No two people will get the same response from the same macro ratios, it's all going to be up to your genetics, how you train, and what you choose to eat for meeting those macros that will decide where you're going to end up. It doesn't pay to obsess about various macronutrient ratios unless you are going to try them and see how you fare on them - I've gained and gotten up to 283 lbs. and strong on lower protein (about 15% of total caloric intake), but I also got fat as hell at the same time. I've gotten down closer to single-digit bodyfat at 225 lbs. by putting protein @ 35-40% of my total calories and have managed to exchange about 8 lbs. of fat for about 6 lbs. of muscle without any real "dieting" since the start of the year. To me, this shows that my body prefers higher protein and far fewer carbohydrates, but that's just MY system, and won't be the same for everyone else.
I envy those people who can eat 60-70% of their calories from carbohydrates and stay lean, but it won't work for me. Tried it off and on, ends up with me making strength and size gains, but plenty of fat along for the ride as well.
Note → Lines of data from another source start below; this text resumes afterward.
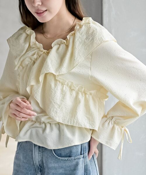 ☆2026/SS NEW☆たっぷりフリルの大人ガーリーブラウス肩から交差させたフリルがガーリーなムードのブラウス。きゅっと絞った袖口も手元に抜け感と愛らしさを演出します。リボンも添えて華やかさもプラス。ゴム仕様の衿ぐりは肩まで下げてオフショルとしてもご着用いただけます。小さなホットフィックスをちりばめて繊細なきらめきも添えたヒロイントップス。裏地なし伸縮性なし薄手襟・袖口・裾ゴム仕様袖口リボン取り外し不可ホットフィックス(ご着用やお洗濯を繰り返すとはがれおちる場合もございますこと予めご了承ください)洗濯:手洗い可▼お気に入り登録でお得がいっぱい▼~商品をお気に入り登録~再入荷・ラスト1点などの通知を受け取ることができます!~ブランドをお気に入り登録~《rps》の新商品・再入荷情報をいち早くお届け!
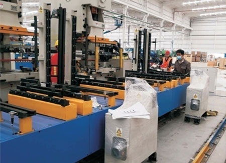 2. 換模臺(tái)車采用軌道行走方式,傳感器+機(jī)械定位方式
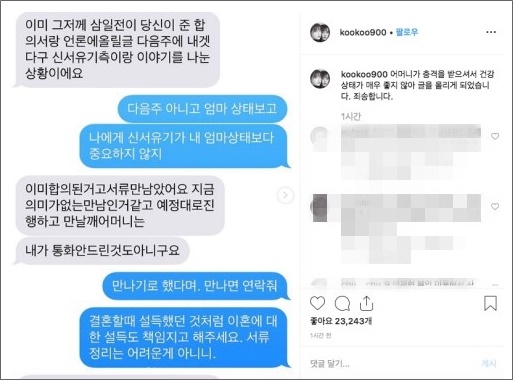그러다 결혼한 지 3년 지난 2019년 8월, 구혜선 자신의 SNS를 통해 처음 이혼을 언급했었는데요.
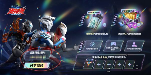 2.邀请方式:点击活动页面“分享链接”按钮,可将队伍码及活动链接分享给游戏外部好友,好友需在游戏内活动界面填写该队伍码,即可加入你的队伍。注意:好友需为有效队员才可算作新队员
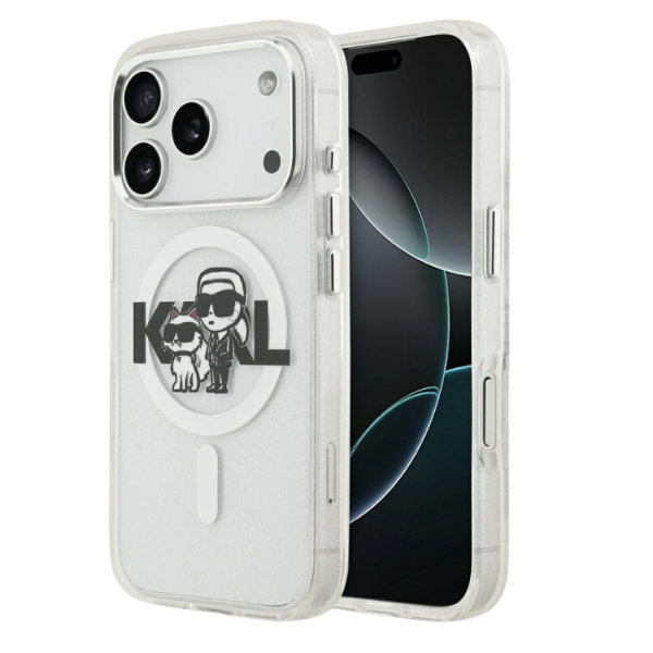 Etui Karl Lagerfeld IML Glitter Karl & Choupette Sketch Logo MagSafe do Apple iPhone 17 Pro przezroczysty
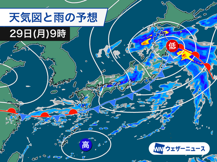 また、低気圧が太平洋に進んだ後は、西高東低の気圧配置のようなかたちになります。いったん雨が止んだり、降り方が弱まったりすることがあっても、夜にかけて雨の降りやすい状況が続く見込みです。家を出るときに降っていなくても雨具を持って行ったほうがよさそうです。
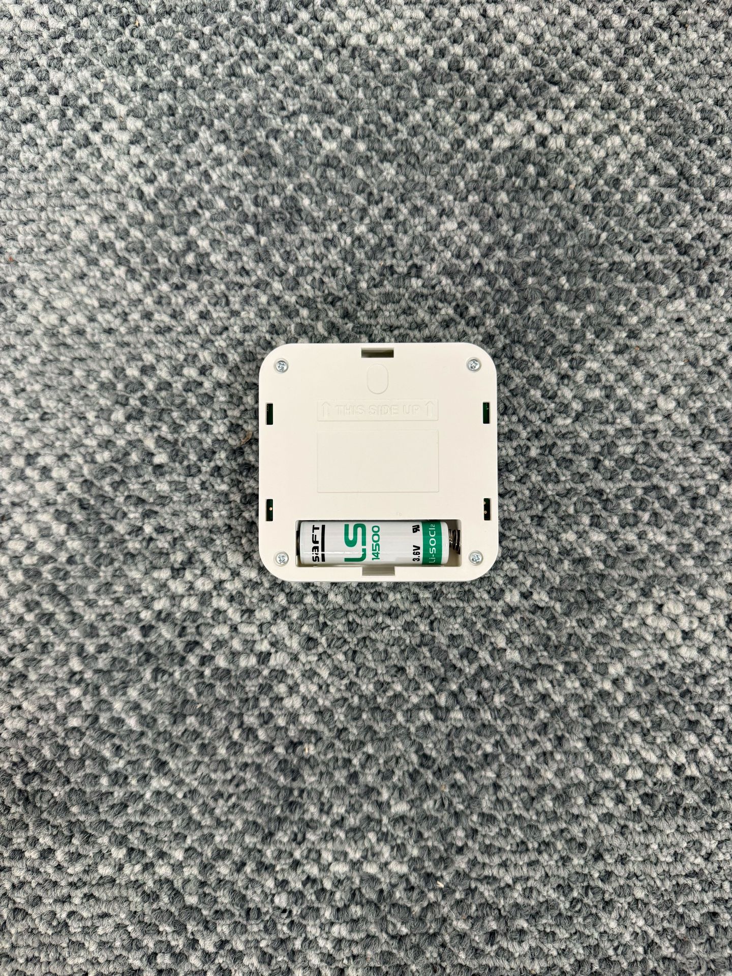 The ioButton is equipped with a replaceable battery. Both versions use a SAFT LR14500 3.6 V lithium battery, or equivalent.
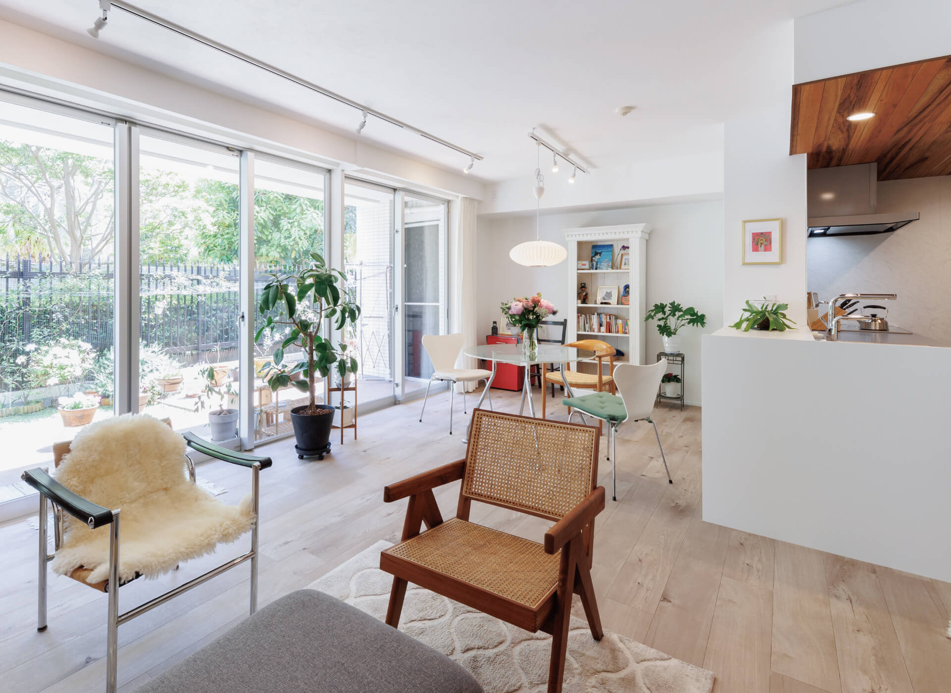 Y様夫婦と猫がのびのびと暮らせるように、水廻りの刷新を機に住まい全体をリフォーム。リビングと隣接する個室をつなげ、大きな窓から光が差し込む広々としたLDKに。アカシアの下がり天井がアクセントとなり、あたたかみのあるスタイリッシュな空間に仕上がりました。

Basically, you MAY be able to do well for gains on lower protein so long as the calories are still above what you expend every day, but there's no guarantee. You may be better off with more protein, or, it may make little difference - the bodybuilding world would be much better off if the actual science were left as it is and people didn't constantly try to market their theories as universal across all people. It only adds to too much overthinking, it gets confusing, and people end up spending too much time having faith that a big change in macros will suddenly give them something they've always hoped for. Sure, it may well be that a standard bodybuilding macro plan works well for MOST people, but that doesn't mean it works best for everyone, trial-and-error is the only way to know what works best for you.
Best solution? Try the lower protein approach for a while, see how it goes as a 3-month test (just don't make it a 3-year run like I did), if you're not happy with the results, then ditch it and change things up. If you like it, keep at it until you're no longer satisfied with what it gives, and then change things up. But, if you don't try it, you'll never know how well you'll fare on it, and crazier stuff has happened as far as what people have gotten for doing something different in the face of bodybuilding "fact" that's often loosely based on actual facts and have been been twisted to meet someone's hypothesis just so they can attach their name to a book or article.